Go, a former aide of President Rodrigo Duterte, said Galvez will get vaccinated at the University of the Philippines-Philippine General Hospital (PGH) while Duque will get vaccinated at the Lung Center of the Philippines.
The first batch of 600,000 doses of Sinovac vaccines donated by the Chinese government arrived in the country Sunday afternoon.
“They’ll be first in line to show the public that we need to trust the government and what the government is doing,” Go said of Duque and Galvez.
He said he would get vaccinated along with President Duterte.
“We will get vaccinated at the same time. I’m only waiting for the decision of his doctor on what’s the most suitable vaccine for his health, for his age.

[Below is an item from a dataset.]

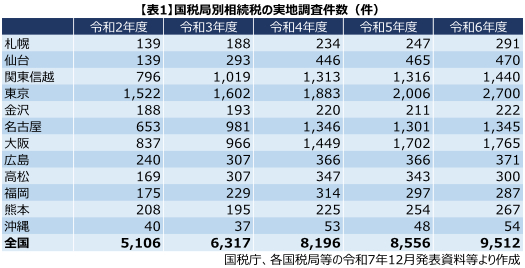 上記発表資料などから、直近5年分の相続税の実地調査件数を局別にまとめると、表1のとおりです。
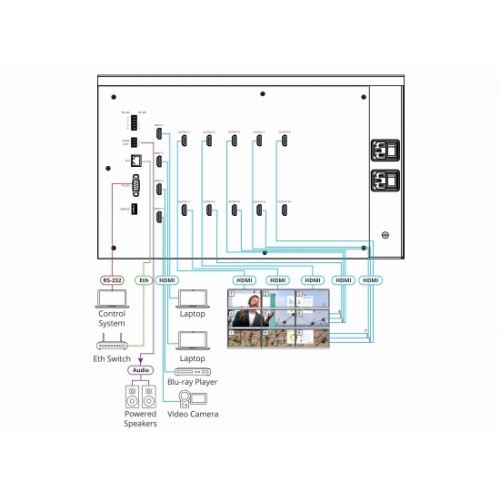 Der Kramer VW−9 HDMI 2.0 Multiview Videowand−Treiber ist ein Video−Prozessor der jüngsten Generation mit 4 Eingängen und 10 Ausgängen. Er bietet einen Videowand−Treiber mit Multiviewer−Funktionen, Skalierung, an die Anforderungen des Kunden angepasste Bildschirm−Layouts sowie schnelles Umschalten zwischen Eingängen mit klarem Video. Das Gerät unterstützt außerdem Audio−Umschaltung und bietet zusätzlich zu den HDMI Audio−Signalen einen analogen Audio−Ausgang. Eine intuitive Benutzeroberfläche per Browser, Steuerung über serielle Protokolle oder Ethernet sowie Bezel−Korrektur, Einstellungsmöglichkeiten zur Bildanpassung, HDCP− und EDID−Unterstützung gehören ebenfalls zu den von VW−9 unterstützten Funktionen.

He’s turning 76 on March 28,” he said in Filipino during a radio interview.
On Feb. 22, presidential spokesman Harry Roque said the President prefers to get inoculated with a vaccine developed by state-run pharmaceutical company Sinopharm.
He said Duterte is qualified to receive vaccine shots from Sinopharm under the compassionate use license since he is the commander-in-chief of the military.
Sinopharm has yet to secure an emergency use authorization from the Food and Drug Administration.
The Philippine College of Physicians (PCP), meanwhile, welcomed reports that doses of the AstraZeneca vaccine were scheduled to arrive Monday so that health workers would have a choice of vaccines to use.
The relief was premature, however, as both Duque and Galvez later said the AstraZeneca vaccines would be delayed by a week because of supply problems.
Doctors from PGH on Saturday said the Sinovac vaccine should undergo further appraisal before being administered to health care workers.
The PGH Physician’s Association said the appraisal should be done by the Health Technology Assessment Council (HTAC), an advisory body to the Health Department and PhilHealth, to facilitate informed decision-making.
“We recognize the efforts of the PGH administration in hastening the vaccination process for its constituents. However, the vaccination plan should have been handled with more prudence and transparency,” the association said in a statement.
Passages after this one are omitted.